# Introduction¶

respy is a research tool. It provides the computational support for several research projects that analyze the economics driving agents’ educational and occupational choices over their life cycle within the framework of a finite-horizon discrete choice dynamic programming model.

Here is some of the recent work:

• Eisenhauer, P. (2019). The Approximate Solution of Finite-Horizon Discrete Choice Dynamic Programming Models: Revisiting Keane & Wolpin (1994). Journal of Applied Econometrics, 34 (1), 149-154.

The estimation of finite-horizon discrete choice dynamic programming models is computationally expensive. This limits their realism and impedes verification and validation efforts. Keane & Wolpin (1994) propose an interpolation method that ameliorates the computational burden but introduces approximation error. I describe their approach in detail, successfully recompute their original quality diagnostics, and provide some additional insights that underscore the trade-off between computation time and the accuracy of estimation results.

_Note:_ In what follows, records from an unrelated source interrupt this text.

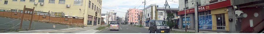 | 山下通り、かみむらキッズクリニック前から東宝ビル方向。前方右のピンクぽい建物はユニオンビル。 |
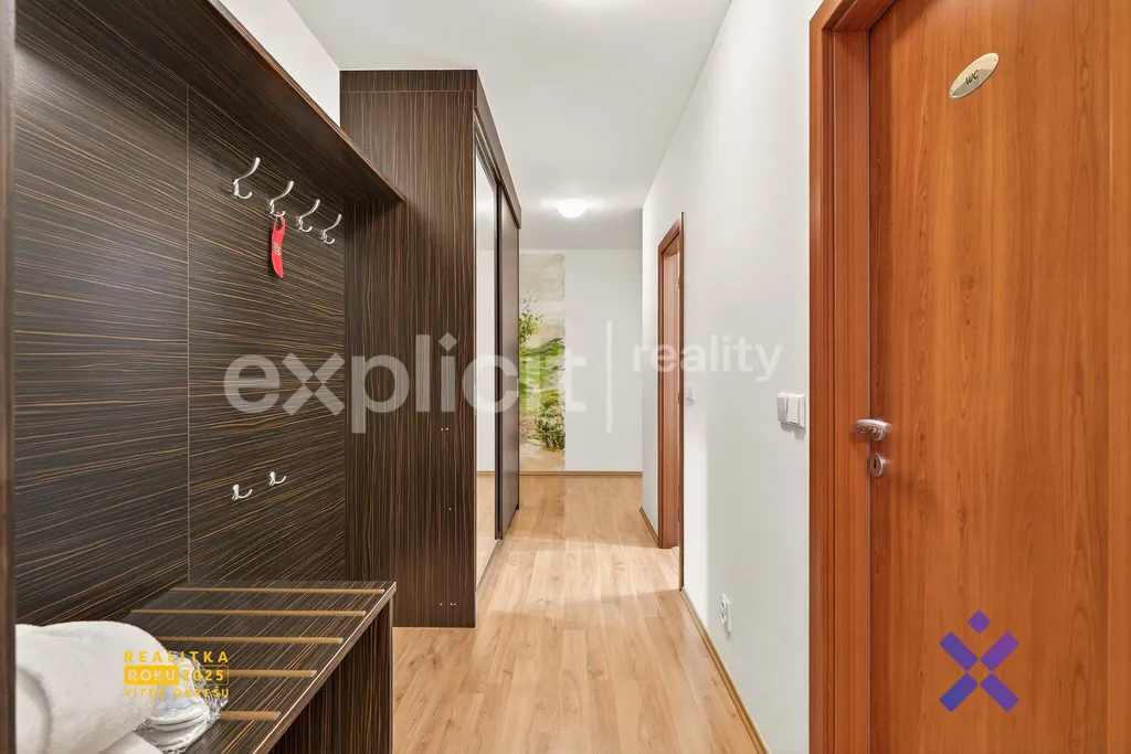 Byt se nachází ve třetím podlaží, které poskytuje dostatek soukromí a klidné prostředí. Dispozice je řešena prakticky a přehledně. Vstupní chodba tvoří centrální komunikační prostor, ze kterého se vstupuje do všech místností, tedy do kuchyně, ložnice i obývacího pokoje. Z obývacího pokoje je dále přímý vstup na balkon. Jednotka je orientována na severovýchod, což zajišťuje příjemné světelné podmínky bez nadměrného přehřívání v letních měsících.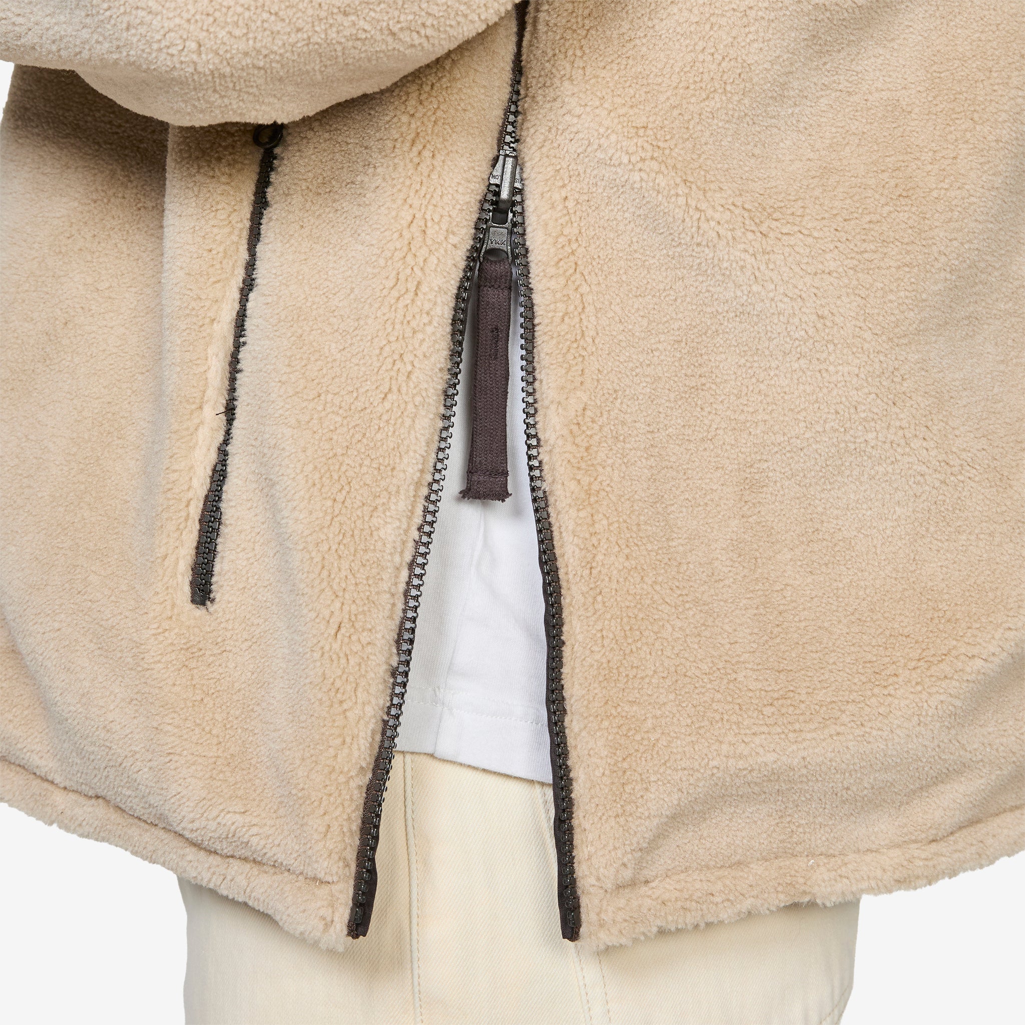 Military Reversible Down Boa Hi Neck Jacket in Dark Choco | Beige from Taion. Reversible jacket with full zip closure, high neck collar featuring a soft boa fleece interior and a 800 FP down-filled nylon exterior, with the w-layered down and boa offering excellent protection against cold wind and varied weather conditions. Constructed with side zippered slits for enhanced mobility and varied layering. Finished with top entry (outer side) front pockets, side entry zip pockets (inner side) and hanging loop behind the neck.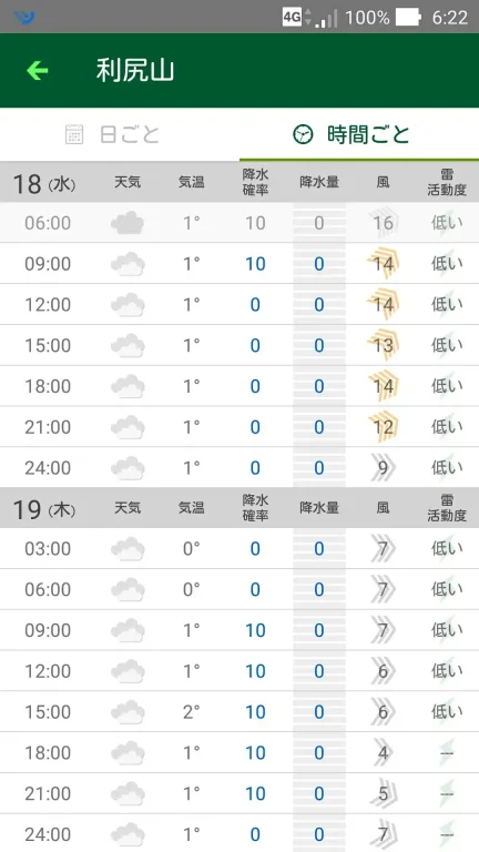 ドピーカンではありませんが、登山予定の19日は気温が0℃前後で風が弱い。20日もまずまずです。

• Eisenhauer, P. (2018). Robust human capital investment under risk and ambiguity. Revise and resubmit at the Journal of Econometrics.

I instill a fear of model misspecification into the agents of a finite-horizon discrete choice dynamic programming model. Agents are ambiguity averse and seek robust decisions for a variety of alternative models. I study the implications for agents’ decisions and the design and impact of alternative policies.

We provide the package and its documentation to ensure the recomputability, transparency, and extensibility of this research. We also hope to showcase how software engineering practices can help in achieving these goals.

For an almost non-technical introduction to the package see the paper or the presentation we contributed to CSCBUS 2019.